▶ **What you are asked to do**:
Below is a listing. Return the lines from the one that contains "Nous refaisons le" to the one that contains "2023煤炭行業信息技術產業——其他信息公司營業收入前20名名單", both ends included, verbatim and with no pictures.

▶ **Provided entries**:
______________________________

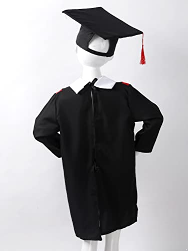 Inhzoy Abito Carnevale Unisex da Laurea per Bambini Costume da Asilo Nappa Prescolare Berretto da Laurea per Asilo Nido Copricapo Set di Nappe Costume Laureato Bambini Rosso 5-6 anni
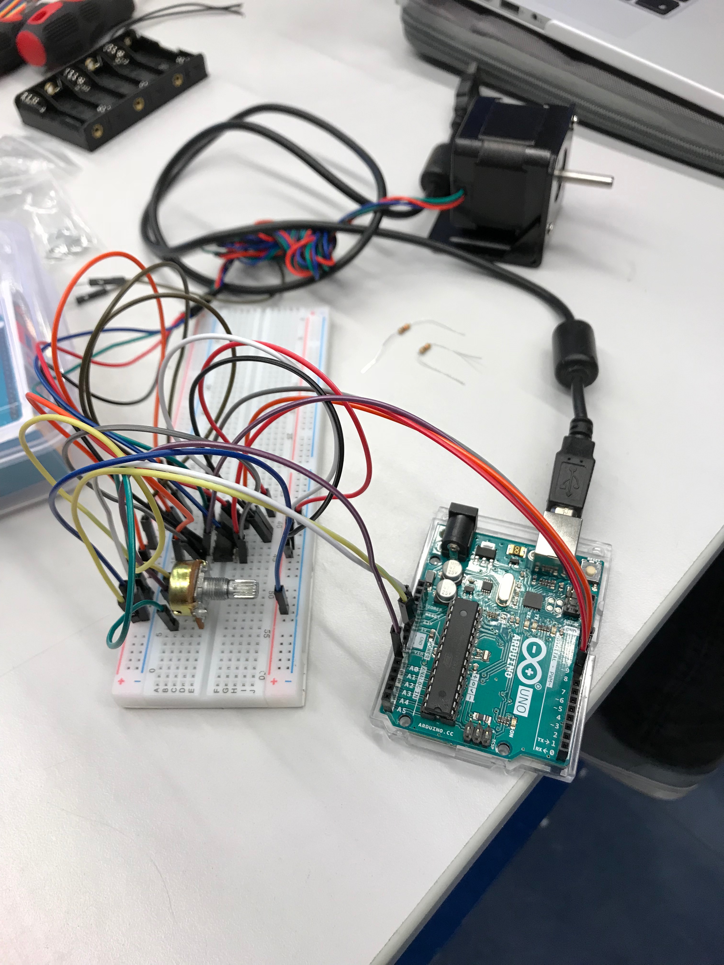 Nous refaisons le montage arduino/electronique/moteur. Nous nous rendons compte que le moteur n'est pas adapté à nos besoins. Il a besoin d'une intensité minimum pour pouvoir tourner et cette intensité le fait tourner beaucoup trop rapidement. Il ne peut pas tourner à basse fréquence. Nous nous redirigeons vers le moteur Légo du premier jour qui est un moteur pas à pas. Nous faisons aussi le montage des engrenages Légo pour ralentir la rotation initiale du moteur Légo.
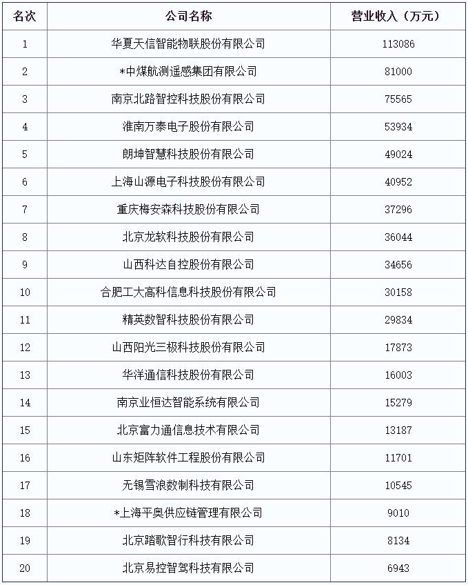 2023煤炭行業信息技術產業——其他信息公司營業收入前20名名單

______________________________

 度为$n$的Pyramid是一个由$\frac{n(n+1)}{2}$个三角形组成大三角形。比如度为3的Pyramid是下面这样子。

______________________________

▶ **Solution to the exercise**:
 Nous refaisons le montage arduino/electronique/moteur. Nous nous rendons compte que le moteur n'est pas adapté à nos besoins. Il a besoin d'une intensité minimum pour pouvoir tourner et cette intensité le fait tourner beaucoup trop rapidement. Il ne peut pas tourner à basse fréquence. Nous nous redirigeons vers le moteur Légo du premier jour qui est un moteur pas à pas. Nous faisons aussi le montage des engrenages Légo pour ralentir la rotation initiale du moteur Légo.
 2023煤炭行業信息技術產業——其他信息公司營業收入前20名名單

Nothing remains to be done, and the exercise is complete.